What to produce> Faithfully repeat each entry below, minus the pictures.

Provided data>

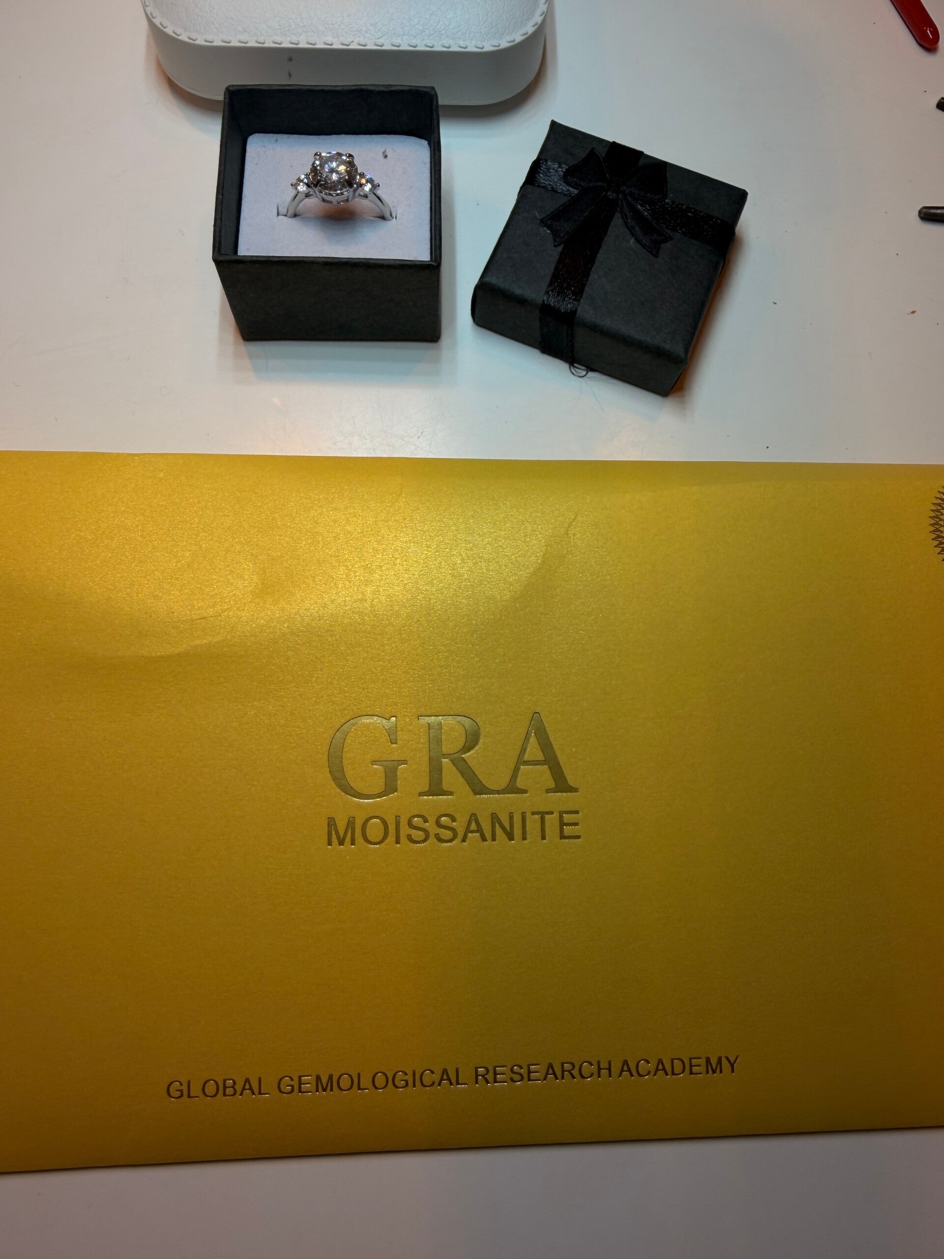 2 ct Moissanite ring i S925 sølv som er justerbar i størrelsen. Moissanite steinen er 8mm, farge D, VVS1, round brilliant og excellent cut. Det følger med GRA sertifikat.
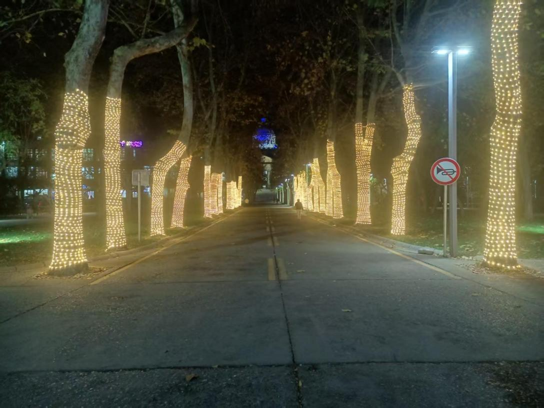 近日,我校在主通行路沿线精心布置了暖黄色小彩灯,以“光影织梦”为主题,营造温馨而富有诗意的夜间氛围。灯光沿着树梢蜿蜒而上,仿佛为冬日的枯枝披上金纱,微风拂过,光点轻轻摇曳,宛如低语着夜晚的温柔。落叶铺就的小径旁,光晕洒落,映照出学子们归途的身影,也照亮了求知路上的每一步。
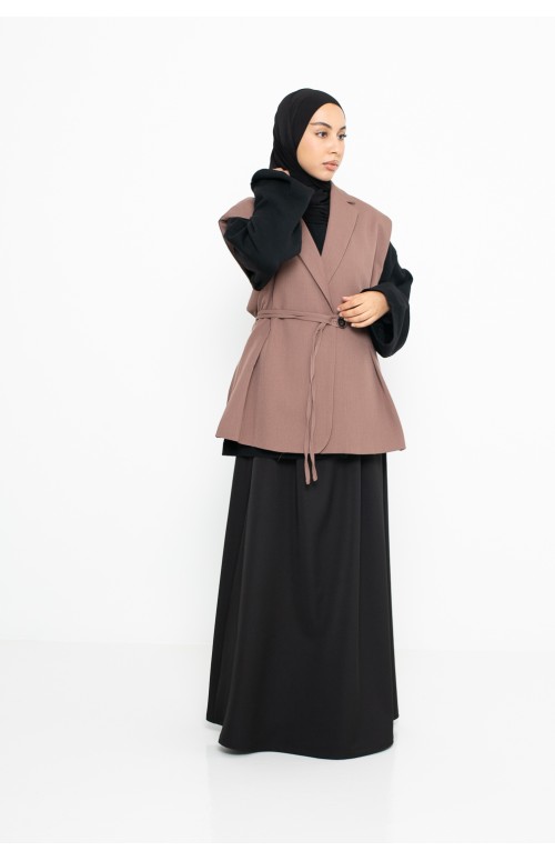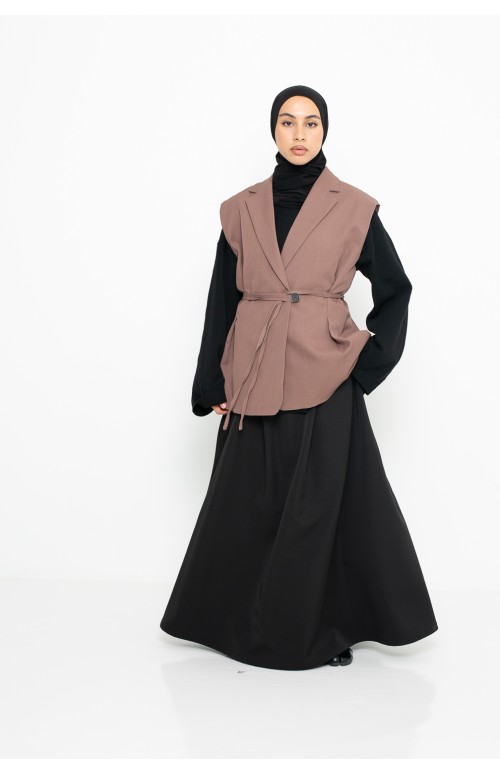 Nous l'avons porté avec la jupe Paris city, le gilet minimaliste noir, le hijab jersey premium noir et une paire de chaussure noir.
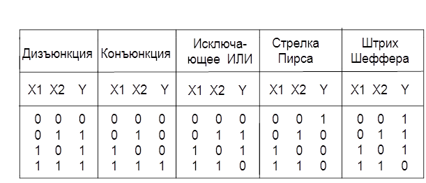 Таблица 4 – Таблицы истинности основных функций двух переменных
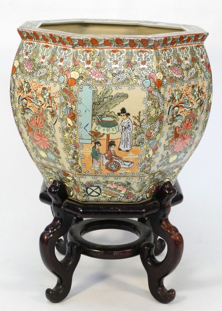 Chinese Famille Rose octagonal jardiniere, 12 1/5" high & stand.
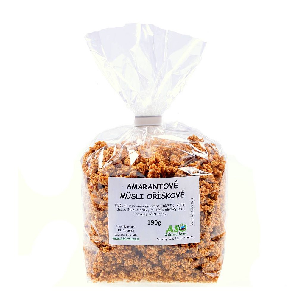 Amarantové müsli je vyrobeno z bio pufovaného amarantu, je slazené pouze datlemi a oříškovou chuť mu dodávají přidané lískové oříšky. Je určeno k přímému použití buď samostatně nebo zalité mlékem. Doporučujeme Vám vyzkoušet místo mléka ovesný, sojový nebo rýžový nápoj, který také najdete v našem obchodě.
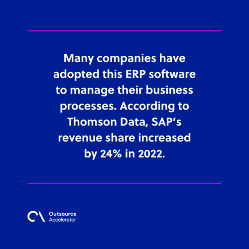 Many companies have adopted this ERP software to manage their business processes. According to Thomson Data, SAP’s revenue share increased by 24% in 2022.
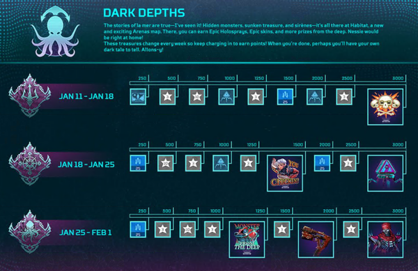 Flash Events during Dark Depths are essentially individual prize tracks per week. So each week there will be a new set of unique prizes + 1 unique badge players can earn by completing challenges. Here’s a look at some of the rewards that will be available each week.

The completed task>
 2 ct Moissanite ring i S925 sølv som er justerbar i størrelsen. Moissanite steinen er 8mm, farge D, VVS1, round brilliant og excellent cut. Det følger med GRA sertifikat.
 近日,我校在主通行路沿线精心布置了暖黄色小彩灯,以“光影织梦”为主题,营造温馨而富有诗意的夜间氛围。灯光沿着树梢蜿蜒而上,仿佛为冬日的枯枝披上金纱,微风拂过,光点轻轻摇曳,宛如低语着夜晚的温柔。落叶铺就的小径旁,光晕洒落,映照出学子们归途的身影,也照亮了求知路上的每一步。
 Nous l'avons porté avec la jupe Paris city, le gilet minimaliste noir, le hijab jersey premium noir et une paire de chaussure noir.
 Таблица 4 – Таблицы истинности основных функций двух переменных
 Chinese Famille Rose octagonal jardiniere, 12 1/5" high & stand.
 Amarantové müsli je vyrobeno z bio pufovaného amarantu, je slazené pouze datlemi a oříškovou chuť mu dodávají přidané lískové oříšky. Je určeno k přímému použití buď samostatně nebo zalité mlékem. Doporučujeme Vám vyzkoušet místo mléka ovesný, sojový nebo rýžový nápoj, který také najdete v našem obchodě.
 Many companies have adopted this ERP software to manage their business processes. According to Thomson Data, SAP’s revenue share increased by 24% in 2022.
 Flash Events during Dark Depths are essentially individual prize tracks per week. So each week there will be a new set of unique prizes + 1 unique badge players can earn by completing challenges. Here’s a look at some of the rewards that will be available each week.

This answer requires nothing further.